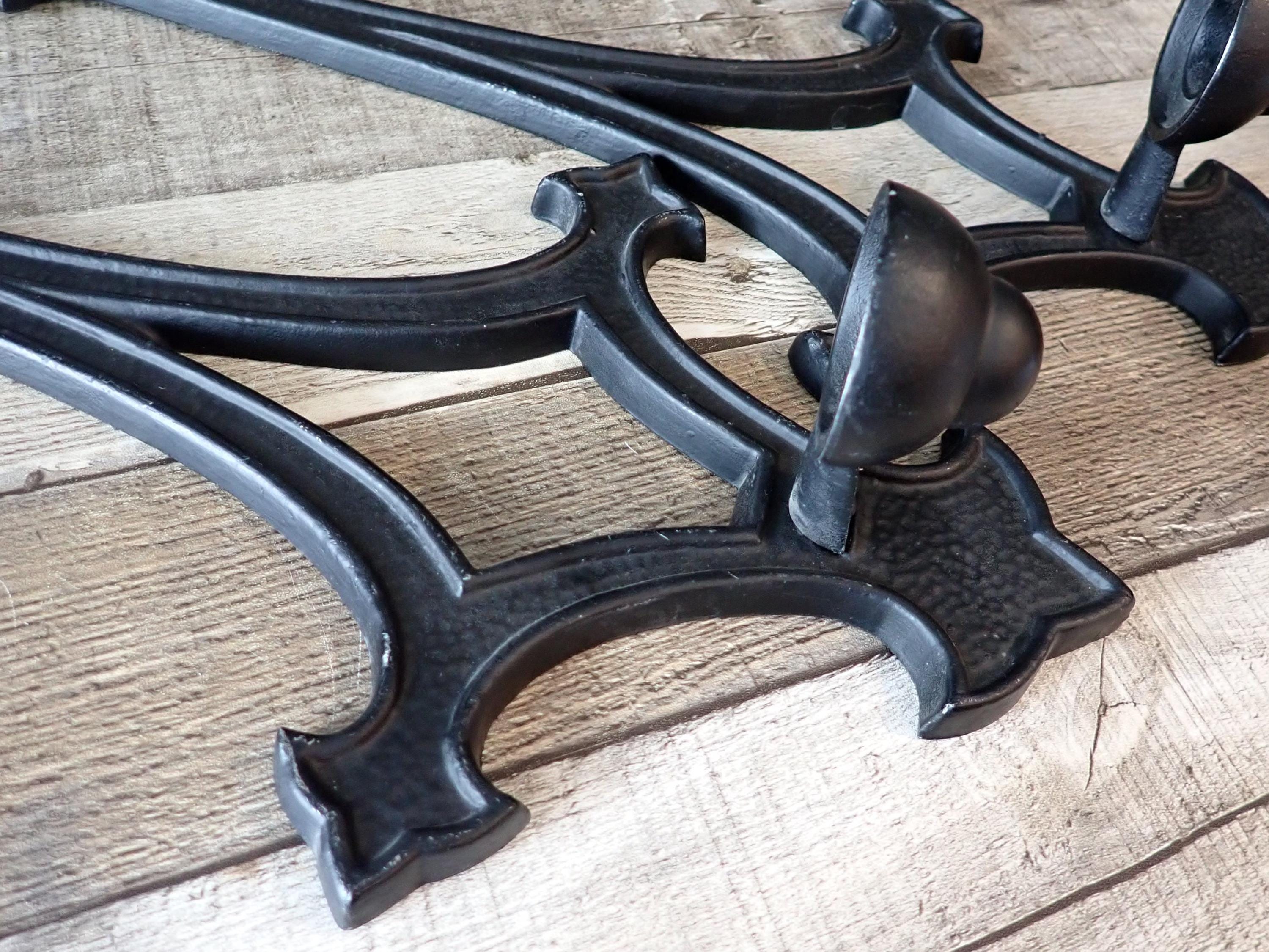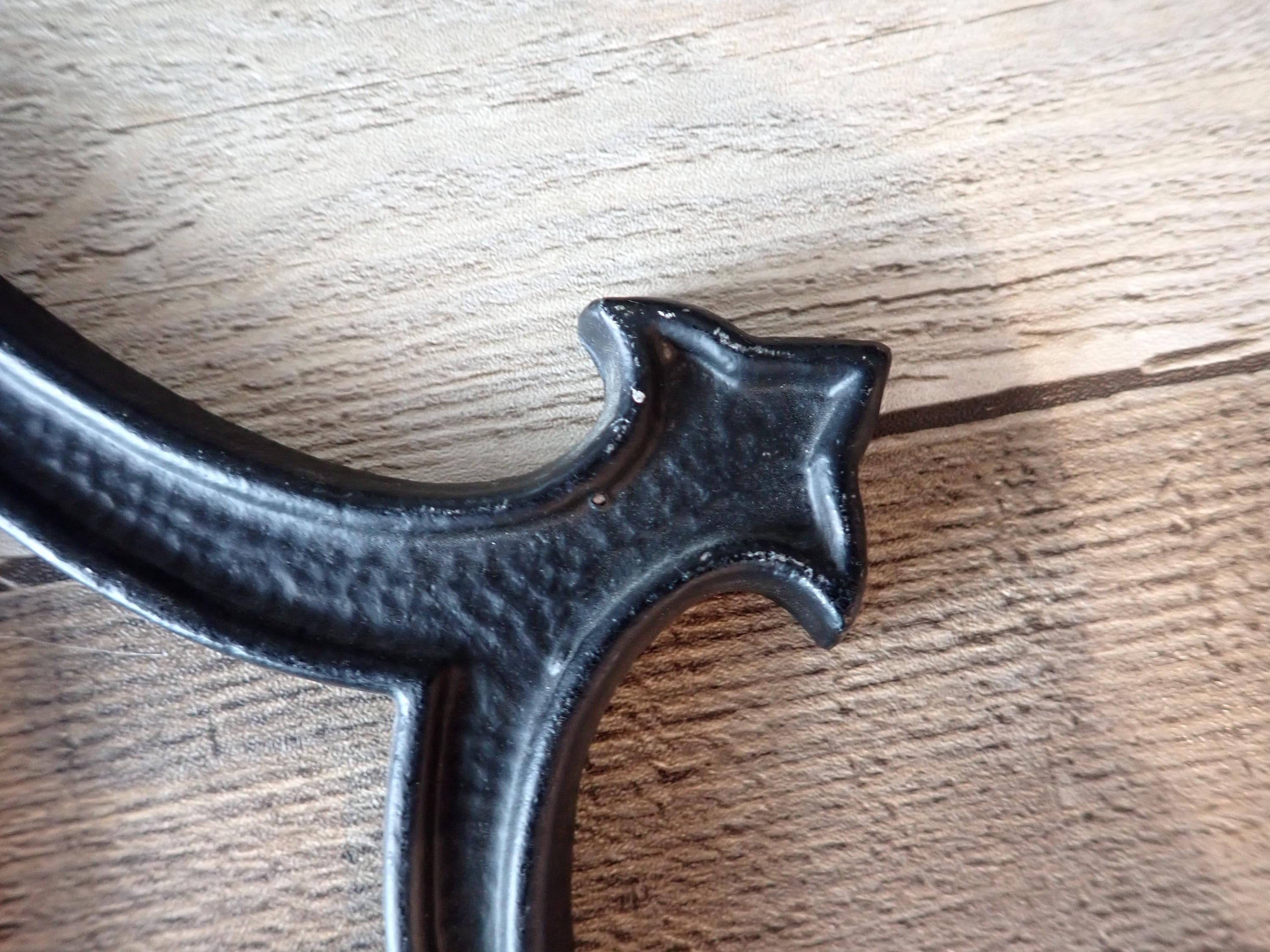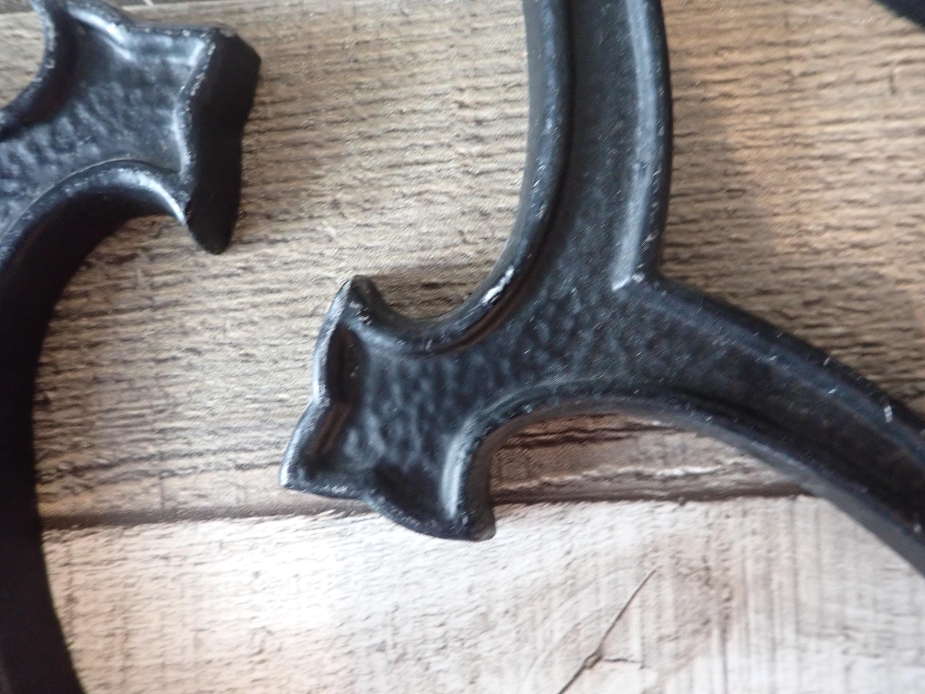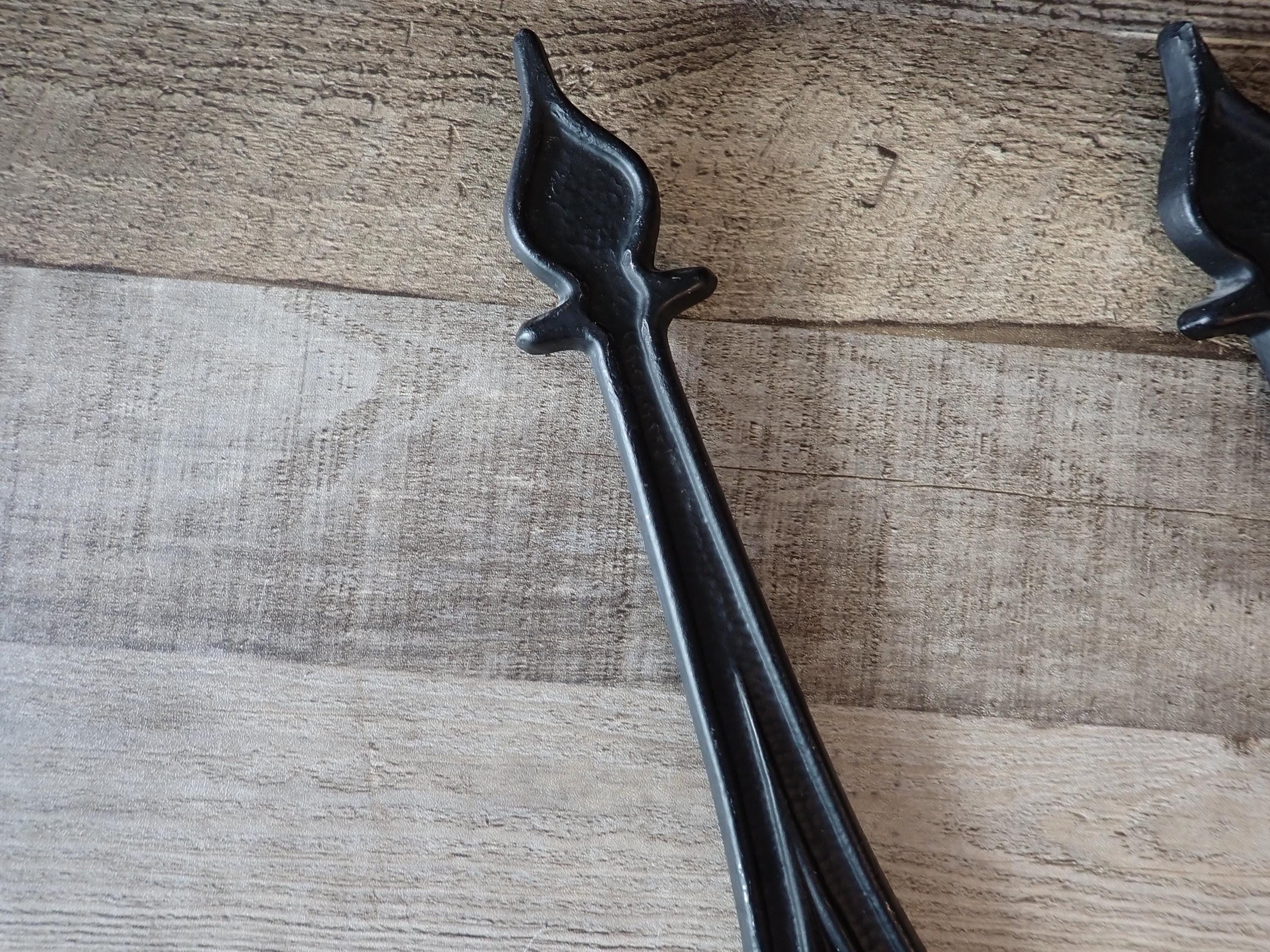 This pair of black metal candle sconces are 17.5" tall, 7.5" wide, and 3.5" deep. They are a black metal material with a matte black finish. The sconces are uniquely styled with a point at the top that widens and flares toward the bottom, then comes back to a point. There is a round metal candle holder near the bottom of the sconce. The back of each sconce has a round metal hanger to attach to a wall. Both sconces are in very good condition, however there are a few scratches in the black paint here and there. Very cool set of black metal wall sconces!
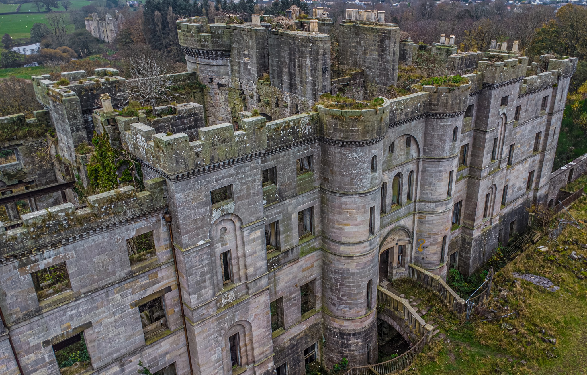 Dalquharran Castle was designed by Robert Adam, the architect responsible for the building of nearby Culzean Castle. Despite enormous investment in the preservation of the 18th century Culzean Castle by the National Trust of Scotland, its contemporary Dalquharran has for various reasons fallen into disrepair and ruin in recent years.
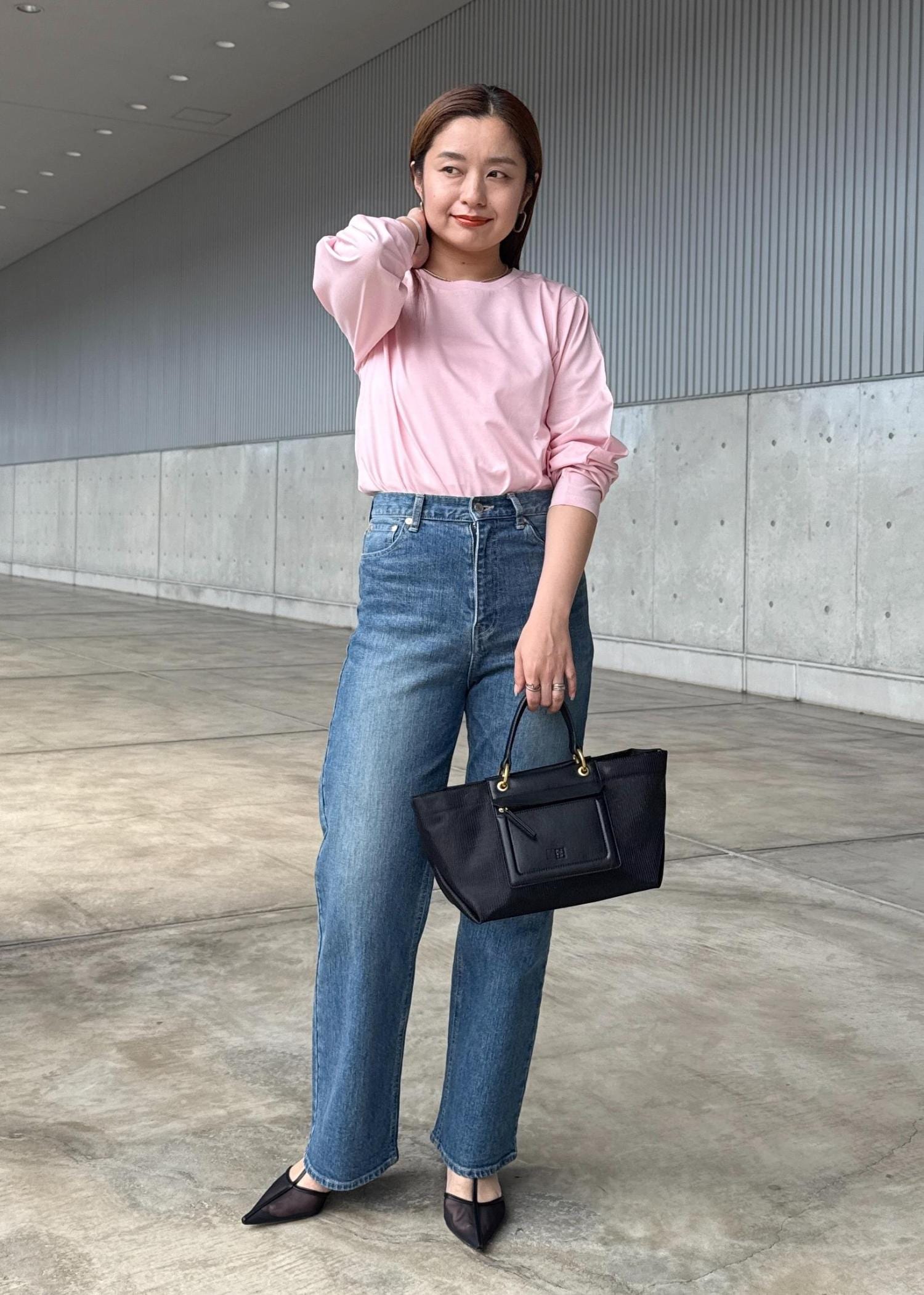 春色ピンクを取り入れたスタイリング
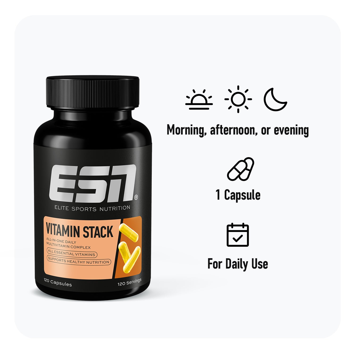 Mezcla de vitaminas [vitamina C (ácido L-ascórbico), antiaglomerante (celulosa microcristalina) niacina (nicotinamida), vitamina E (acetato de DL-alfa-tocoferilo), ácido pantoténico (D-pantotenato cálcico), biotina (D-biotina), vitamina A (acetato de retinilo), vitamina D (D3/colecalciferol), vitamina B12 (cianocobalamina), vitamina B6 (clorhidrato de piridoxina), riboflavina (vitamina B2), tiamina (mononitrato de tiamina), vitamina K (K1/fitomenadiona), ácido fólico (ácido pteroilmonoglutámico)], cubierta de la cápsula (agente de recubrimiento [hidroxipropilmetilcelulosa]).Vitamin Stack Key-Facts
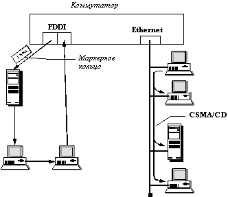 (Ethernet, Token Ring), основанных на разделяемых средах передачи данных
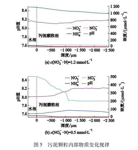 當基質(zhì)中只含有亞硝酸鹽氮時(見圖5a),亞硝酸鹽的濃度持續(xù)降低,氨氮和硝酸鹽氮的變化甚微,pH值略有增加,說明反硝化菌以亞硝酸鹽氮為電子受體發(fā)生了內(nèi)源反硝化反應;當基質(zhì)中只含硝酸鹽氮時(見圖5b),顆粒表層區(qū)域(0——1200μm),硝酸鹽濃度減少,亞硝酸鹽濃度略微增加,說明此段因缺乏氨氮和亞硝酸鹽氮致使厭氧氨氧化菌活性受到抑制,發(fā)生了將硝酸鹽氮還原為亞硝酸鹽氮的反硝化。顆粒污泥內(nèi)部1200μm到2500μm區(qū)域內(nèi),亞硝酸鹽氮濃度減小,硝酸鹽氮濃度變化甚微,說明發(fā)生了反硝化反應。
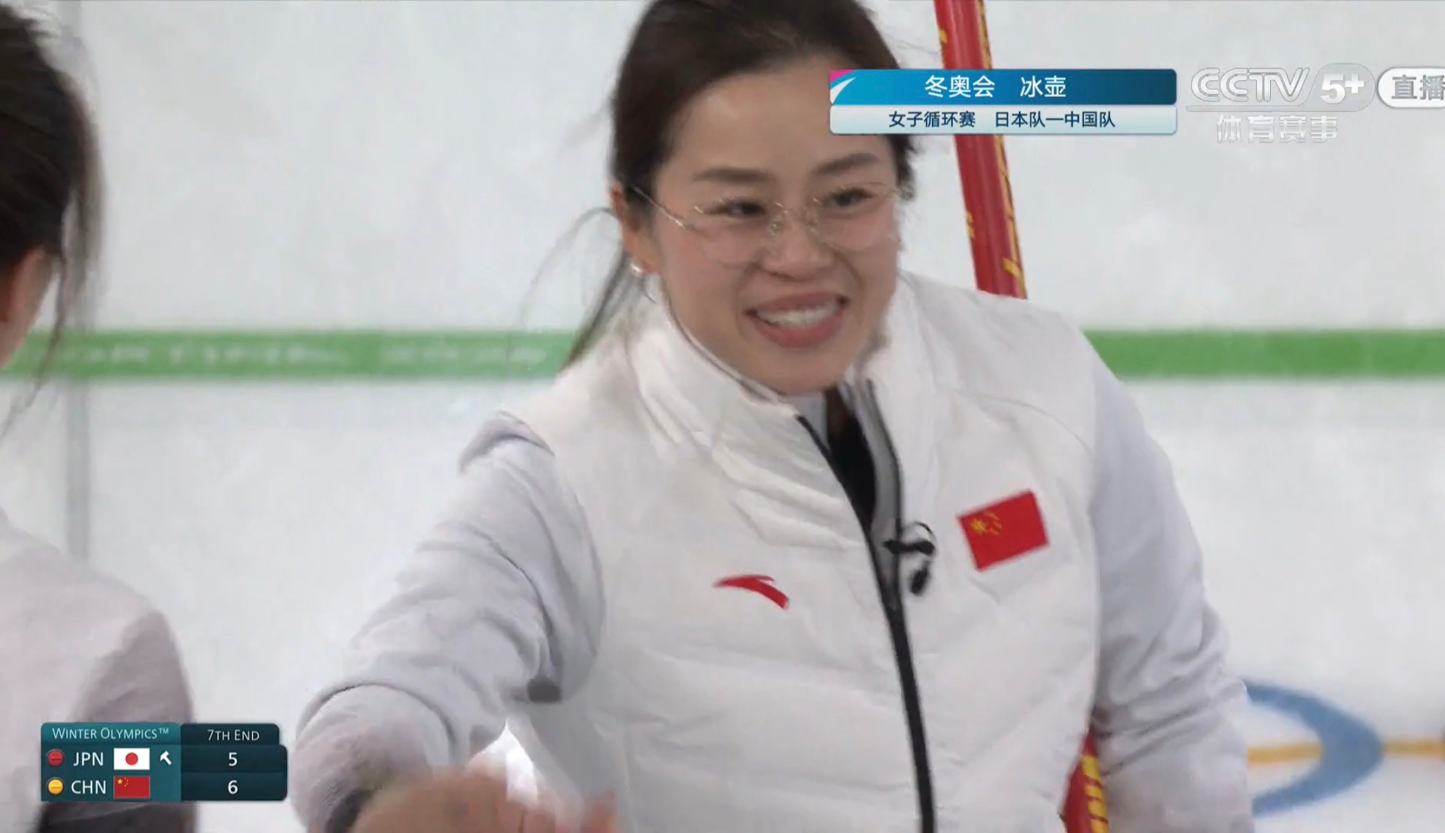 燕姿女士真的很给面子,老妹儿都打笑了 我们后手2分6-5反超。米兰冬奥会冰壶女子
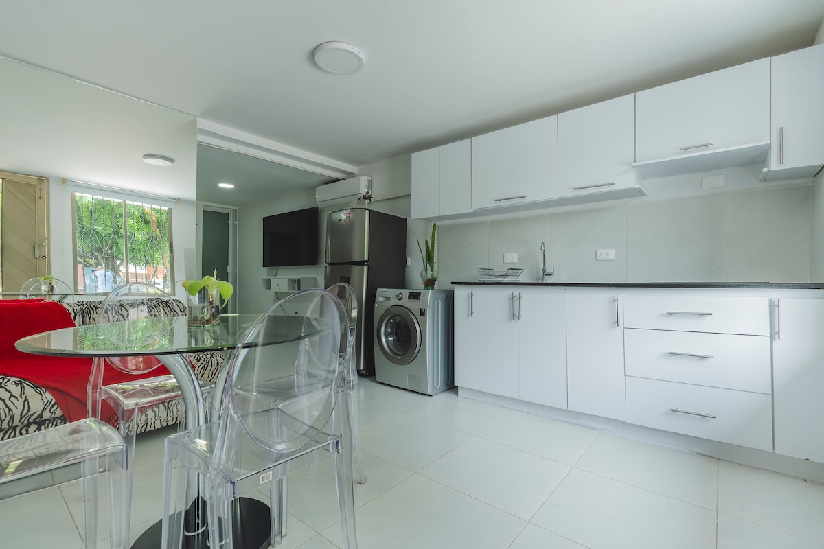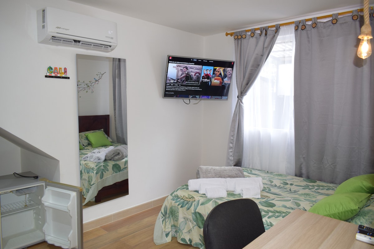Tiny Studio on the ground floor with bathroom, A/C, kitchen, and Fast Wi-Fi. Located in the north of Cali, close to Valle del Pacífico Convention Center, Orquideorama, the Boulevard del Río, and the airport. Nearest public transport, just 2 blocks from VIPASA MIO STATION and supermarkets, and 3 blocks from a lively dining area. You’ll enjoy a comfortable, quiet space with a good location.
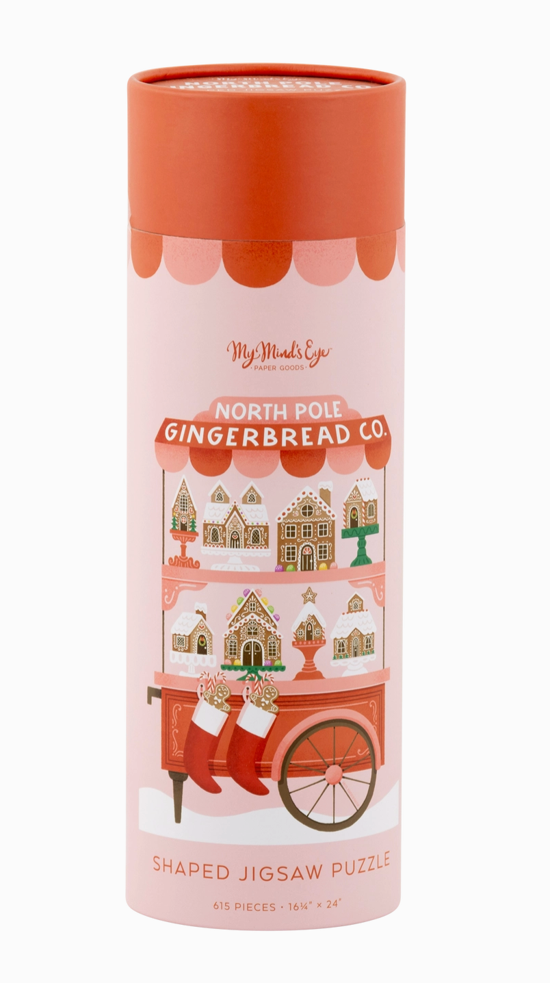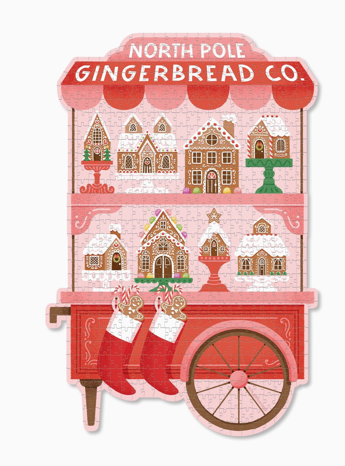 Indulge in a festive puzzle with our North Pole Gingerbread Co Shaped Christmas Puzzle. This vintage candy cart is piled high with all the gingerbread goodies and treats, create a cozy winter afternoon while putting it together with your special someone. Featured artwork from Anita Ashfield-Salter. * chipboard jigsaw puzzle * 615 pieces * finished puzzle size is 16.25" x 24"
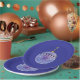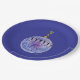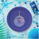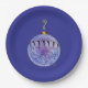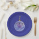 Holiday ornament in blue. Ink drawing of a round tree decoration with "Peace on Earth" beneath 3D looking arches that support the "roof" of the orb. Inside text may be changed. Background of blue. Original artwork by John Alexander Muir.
══════════════════════════════
# Assigned task
With the pictures left out, output all the entries exactly.

# The answer
 This pair of black metal candle sconces are 17.5" tall, 7.5" wide, and 3.5" deep. They are a black metal material with a matte black finish. The sconces are uniquely styled with a point at the top that widens and flares toward the bottom, then comes back to a point. There is a round metal candle holder near the bottom of the sconce. The back of each sconce has a round metal hanger to attach to a wall. Both sconces are in very good condition, however there are a few scratches in the black paint here and there. Very cool set of black metal wall sconces!
 Dalquharran Castle was designed by Robert Adam, the architect responsible for the building of nearby Culzean Castle. Despite enormous investment in the preservation of the 18th century Culzean Castle by the National Trust of Scotland, its contemporary Dalquharran has for various reasons fallen into disrepair and ruin in recent years.
 春色ピンクを取り入れたスタイリング
 Mezcla de vitaminas [vitamina C (ácido L-ascórbico), antiaglomerante (celulosa microcristalina) niacina (nicotinamida), vitamina E (acetato de DL-alfa-tocoferilo), ácido pantoténico (D-pantotenato cálcico), biotina (D-biotina), vitamina A (acetato de retinilo), vitamina D (D3/colecalciferol), vitamina B12 (cianocobalamina), vitamina B6 (clorhidrato de piridoxina), riboflavina (vitamina B2), tiamina (mononitrato de tiamina), vitamina K (K1/fitomenadiona), ácido fólico (ácido pteroilmonoglutámico)], cubierta de la cápsula (agente de recubrimiento [hidroxipropilmetilcelulosa]).Vitamin Stack Key-Facts
 (Ethernet, Token Ring), основанных на разделяемых средах передачи данных
 當基質(zhì)中只含有亞硝酸鹽氮時(見圖5a),亞硝酸鹽的濃度持續(xù)降低,氨氮和硝酸鹽氮的變化甚微,pH值略有增加,說明反硝化菌以亞硝酸鹽氮為電子受體發(fā)生了內(nèi)源反硝化反應;當基質(zhì)中只含硝酸鹽氮時(見圖5b),顆粒表層區(qū)域(0——1200μm),硝酸鹽濃度減少,亞硝酸鹽濃度略微增加,說明此段因缺乏氨氮和亞硝酸鹽氮致使厭氧氨氧化菌活性受到抑制,發(fā)生了將硝酸鹽氮還原為亞硝酸鹽氮的反硝化。顆粒污泥內(nèi)部1200μm到2500μm區(qū)域內(nèi),亞硝酸鹽氮濃度減小,硝酸鹽氮濃度變化甚微,說明發(fā)生了反硝化反應。
 燕姿女士真的很给面子,老妹儿都打笑了 我们后手2分6-5反超。米兰冬奥会冰壶女子
Tiny Studio on the ground floor with bathroom, A/C, kitchen, and Fast Wi-Fi. Located in the north of Cali, close to Valle del Pacífico Convention Center, Orquideorama, the Boulevard del Río, and the airport. Nearest public transport, just 2 blocks from VIPASA MIO STATION and supermarkets, and 3 blocks from a lively dining area. You’ll enjoy a comfortable, quiet space with a good location.
 Indulge in a festive puzzle with our North Pole Gingerbread Co Shaped Christmas Puzzle. This vintage candy cart is piled high with all the gingerbread goodies and treats, create a cozy winter afternoon while putting it together with your special someone. Featured artwork from Anita Ashfield-Salter. * chipboard jigsaw puzzle * 615 pieces * finished puzzle size is 16.25" x 24"
 Holiday ornament in blue. Ink drawing of a round tree decoration with "Peace on Earth" beneath 3D looking arches that support the "roof" of the orb. Inside text may be changed. Background of blue. Original artwork by John Alexander Muir.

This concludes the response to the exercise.